* Data records
-=-=-
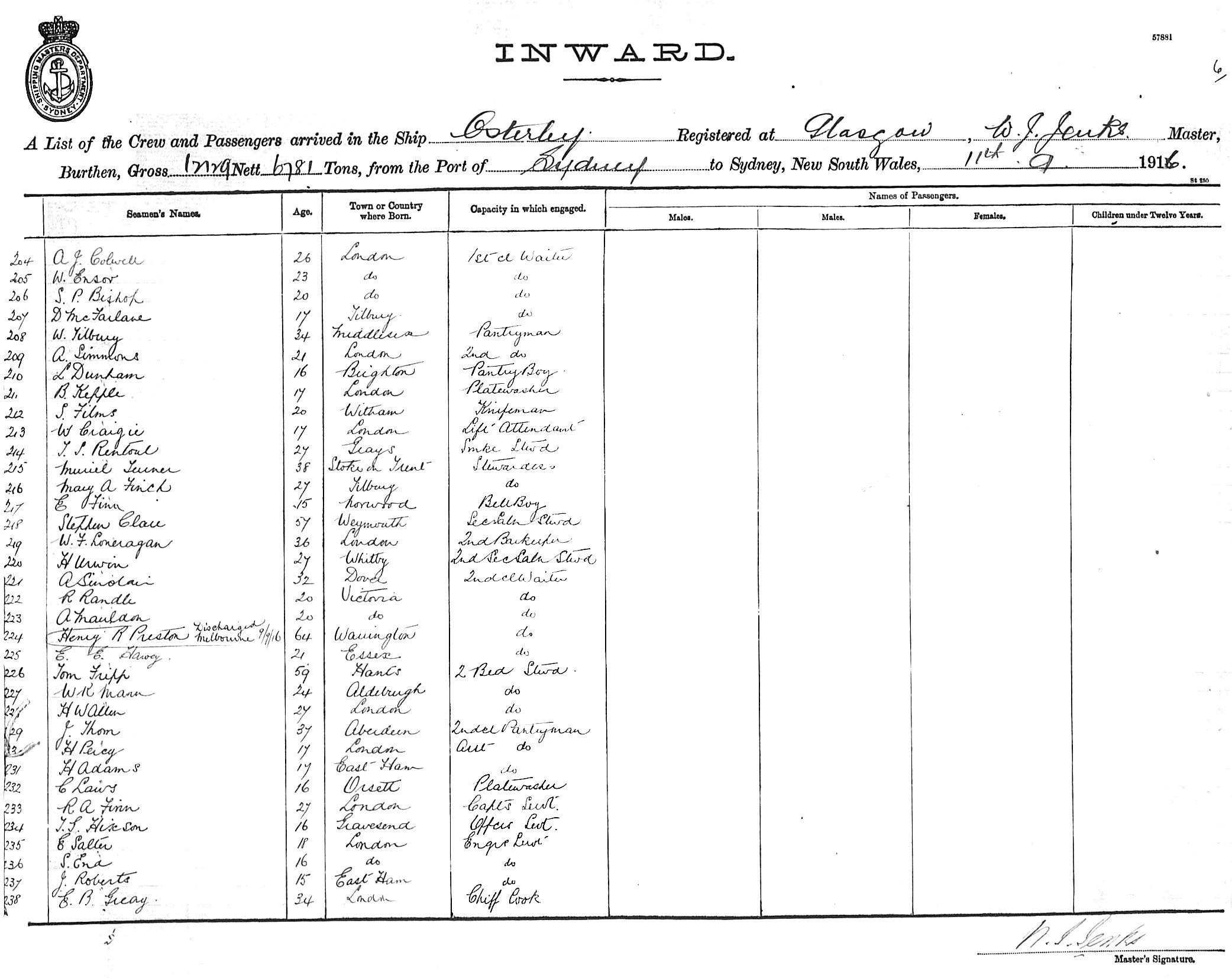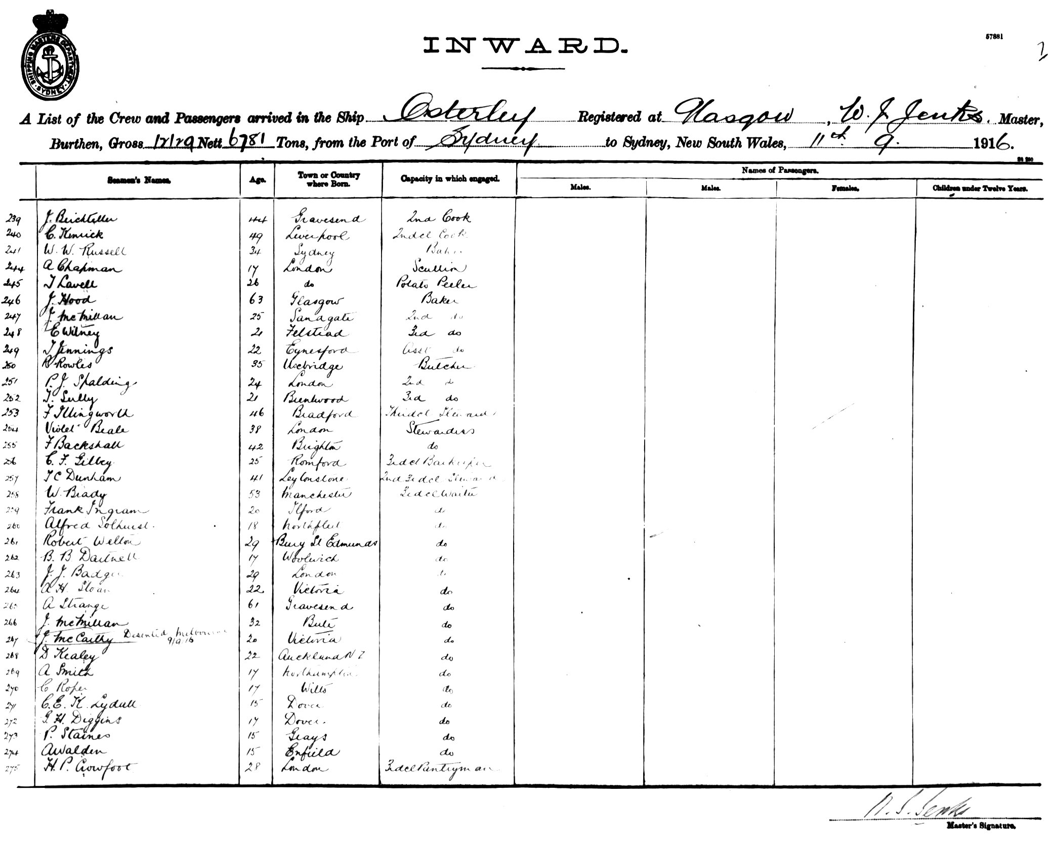 OF GLASGOW, W. J. JENKS, MASTER, BURTHEN 12128/6781 TONS FROM THE PORT OF LONDON TO SYDNEY, NEW SOUTH WALES, 11TH SEPTEMBER 1916
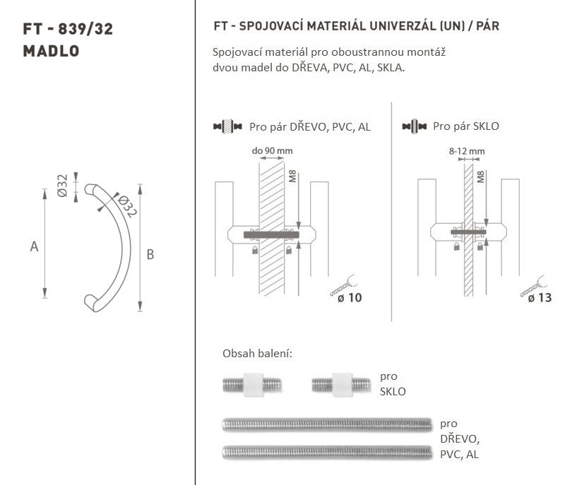 Rukojeť dveří je vyrobena z vysoce kvalitní nerezové oceli, známé jako nerezová ocel, a je ošetřena povrchem. Profil rukojeti je  € â € â € â, â € â, â, â, dě dě â, dě â, â, â, â, â, â, â, â, dě â, dě â, dě â, dě â, dě â, dě â, dě ¢ â, â, dě ¢ â, â, dě â, dě â, dě â, dě â, dě â, dě â dě ¢ â, â, dě ¢ 32 mm. Univerzální (UN) sada obsahuje upevňovací prvky pro oboustranné montáž dvou zábradlí ve dřevě, PVC, Al, Glass.
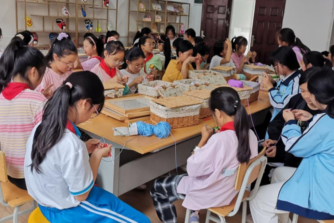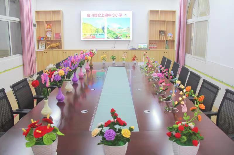 家长的踊跃参与激活了“一池春水”,学校利用周末开放日,为家长提供免费的技术指导,按照市场化的思路,采取“编织+市场经济+订单”的模式开展合作,批量生产“花卉”作品,带动学生家长增收致富,助力乡风文明,助推乡村振兴。
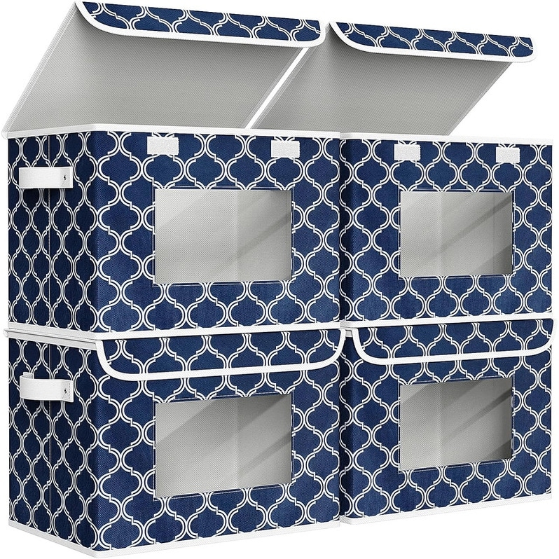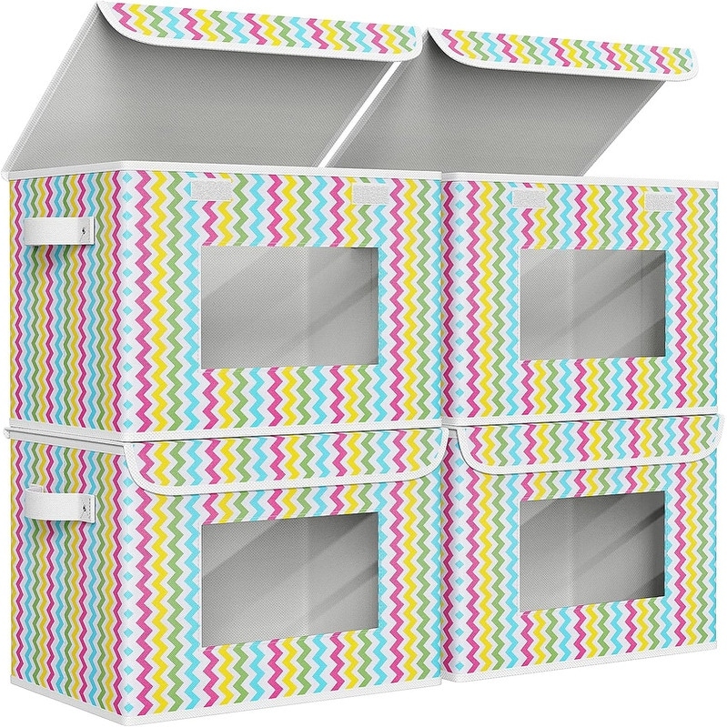Fabric Foldable Decorative Basket Storage Bins with Lids Set of 4 - 17"L x 12"W x 12"H
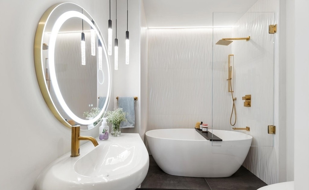 A contemporary luxury bathroom featuring a sculptural freestanding soaking tub and floating vanity with vessel sink, unified by clean lines, white large-format tilework, and a sophisticated brass hardware palette. The space achieves serene minimalism through restrained color use, statement LED mirror lighting, and seamless frameless glass shower enclosure with rainfall head, creating an editorial-quality spa-like retreat.
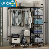 敬平晾衣架落地卧室折叠室内杆式晒衣架简约家用挂衣服架子收纳置物架 125cm-(柜式衣架顶配款)+黑色+多层置物网
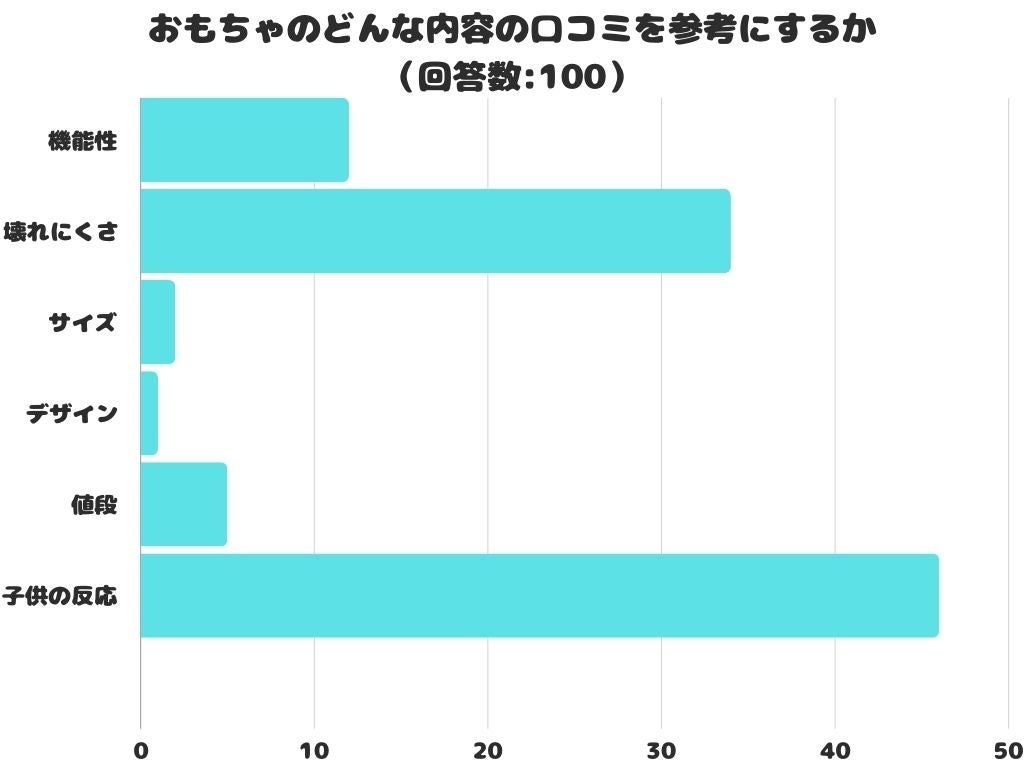 おもちゃのどんな内容の口コミを参考にするかをアンケートにて調査したところ、1位は「子供の反応」でした。
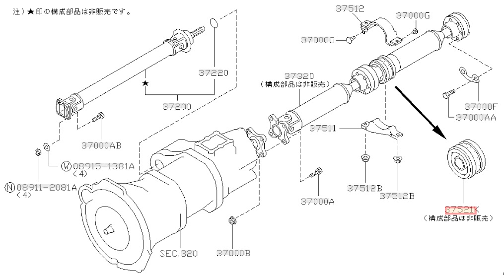 Palier central d'arbre de transmission pour Nissan Skyline R33 R34 GTR - 37521-AA325
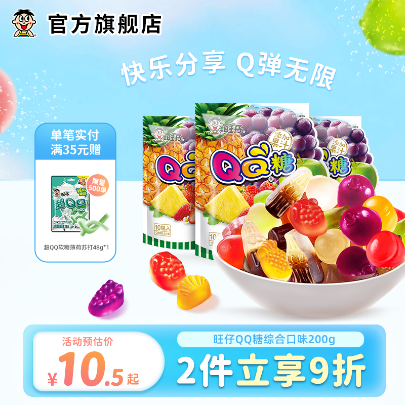 旺旺旺仔官方糖果旗艦店QQ軟糖果綜合多口味兒童休閑零食200g*3包
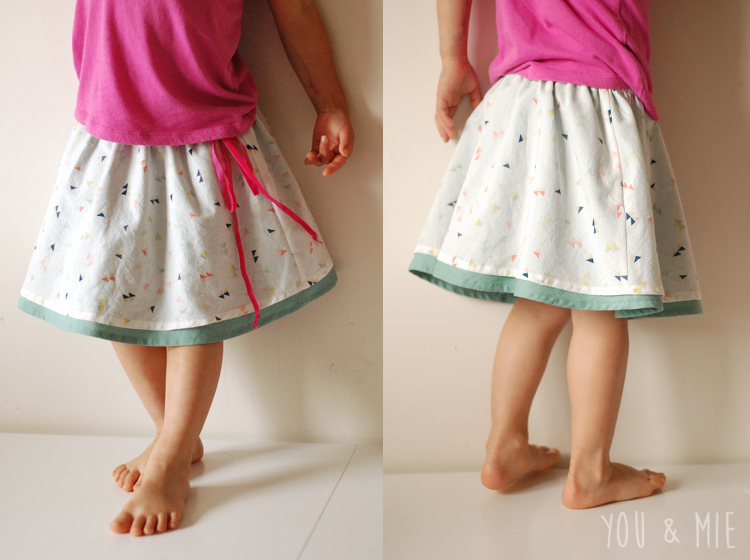 The skirt comes together quickly which is why I tackled this project before the Swingset Tunic which is also on my to do list this week, I was trying to ease into it with something simple. I made size 3 for Yuki based on her measurements and I think the fit is perfect, plus it’s got an elastic waist, so it’s pretty flexible. She loves it and already tried to wear it two days in a row, so that’s great. It’s the pink bow that’s got her hooked.
-=-=-
Return exactly the part of the listing above that opens with the line containing "おもちゃのどんな内容の口コミ" and closes with the line containing "旺旺旺仔官方糖果旗艦店QQ軟糖果綜合多口味兒童休閑零食200g*3包". Pictures stay out.

* Task result
 おもちゃのどんな内容の口コミを参考にするかをアンケートにて調査したところ、1位は「子供の反応」でした。
 Palier central d'arbre de transmission pour Nissan Skyline R33 R34 GTR - 37521-AA325
 旺旺旺仔官方糖果旗艦店QQ軟糖果綜合多口味兒童休閑零食200g*3包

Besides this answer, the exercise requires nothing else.